## Exercise prompt:
Leave every picture out, and give again exactly the lines from the one containing "Två porslinsfigurer föreställande" through the end of the listing.

## Data provided:
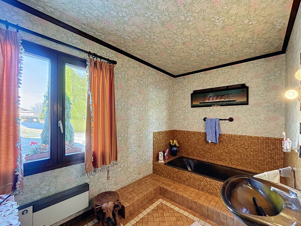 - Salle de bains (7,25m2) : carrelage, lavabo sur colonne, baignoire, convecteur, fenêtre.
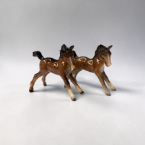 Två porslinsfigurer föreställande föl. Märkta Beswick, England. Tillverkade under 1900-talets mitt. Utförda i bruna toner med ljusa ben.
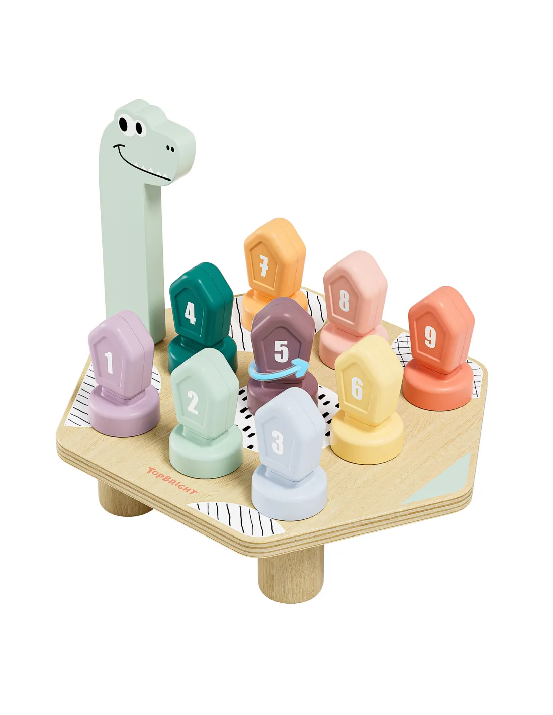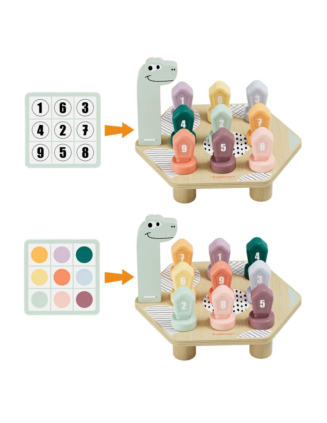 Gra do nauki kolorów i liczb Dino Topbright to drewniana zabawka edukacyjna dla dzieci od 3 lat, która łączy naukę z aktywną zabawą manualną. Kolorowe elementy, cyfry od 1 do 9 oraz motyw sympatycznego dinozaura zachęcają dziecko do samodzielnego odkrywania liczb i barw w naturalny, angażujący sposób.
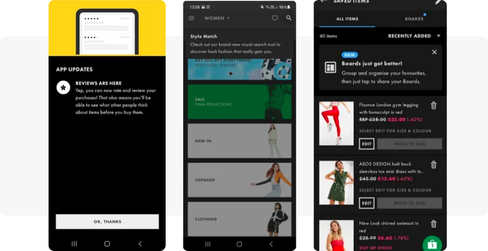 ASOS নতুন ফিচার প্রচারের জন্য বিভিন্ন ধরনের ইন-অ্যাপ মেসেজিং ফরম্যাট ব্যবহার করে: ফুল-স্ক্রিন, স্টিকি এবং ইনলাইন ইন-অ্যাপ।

## Task response:
 Två porslinsfigurer föreställande föl. Märkta Beswick, England. Tillverkade under 1900-talets mitt. Utförda i bruna toner med ljusa ben.
 Gra do nauki kolorów i liczb Dino Topbright to drewniana zabawka edukacyjna dla dzieci od 3 lat, która łączy naukę z aktywną zabawą manualną. Kolorowe elementy, cyfry od 1 do 9 oraz motyw sympatycznego dinozaura zachęcają dziecko do samodzielnego odkrywania liczb i barw w naturalny, angażujący sposób.
 ASOS নতুন ফিচার প্রচারের জন্য বিভিন্ন ধরনের ইন-অ্যাপ মেসেজিং ফরম্যাট ব্যবহার করে: ফুল-স্ক্রিন, স্টিকি এবং ইনলাইন ইন-অ্যাপ।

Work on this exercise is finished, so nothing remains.